#### PROVIDED DATA:
==============================

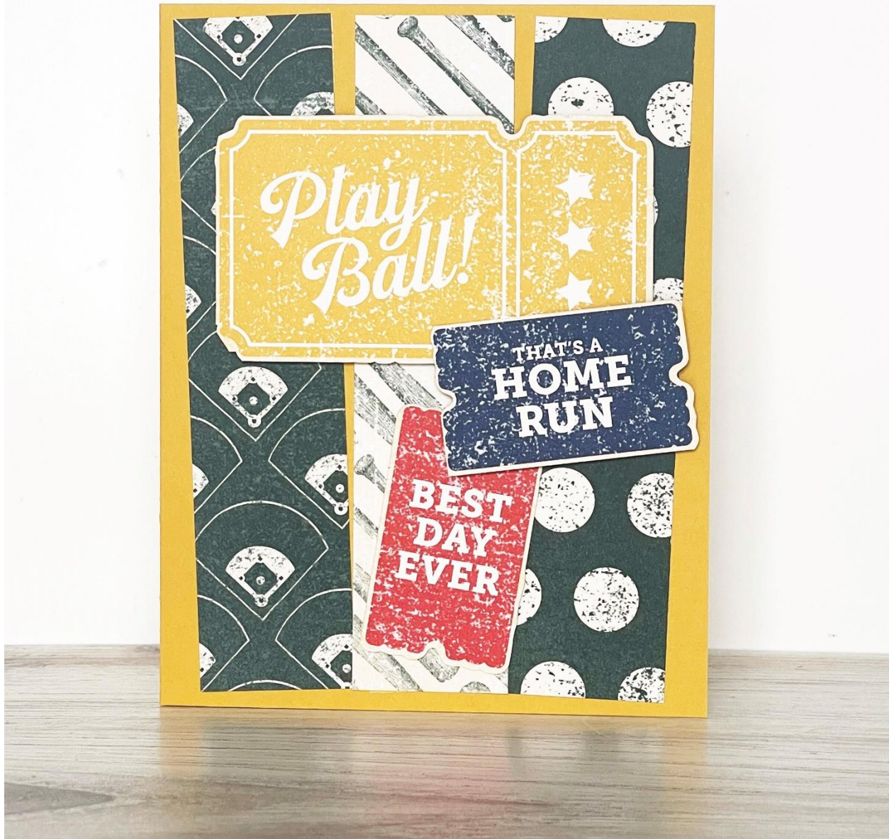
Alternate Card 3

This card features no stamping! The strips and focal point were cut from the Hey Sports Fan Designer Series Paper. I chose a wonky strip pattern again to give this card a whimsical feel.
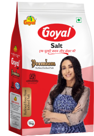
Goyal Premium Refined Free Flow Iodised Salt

==============================

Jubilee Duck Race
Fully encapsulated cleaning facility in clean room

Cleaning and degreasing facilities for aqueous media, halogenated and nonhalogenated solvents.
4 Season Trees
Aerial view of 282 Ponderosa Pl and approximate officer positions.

==============================

#### TASK DESCRIPTION:
Write out only the lines that run from the line containing "4 Season Trees" through the line containing "Aerial view of", both included, exactly as they appear above.

#### REPLY TO THE TASK:
4 Season Trees
Aerial view of 282 Ponderosa Pl and approximate officer positions.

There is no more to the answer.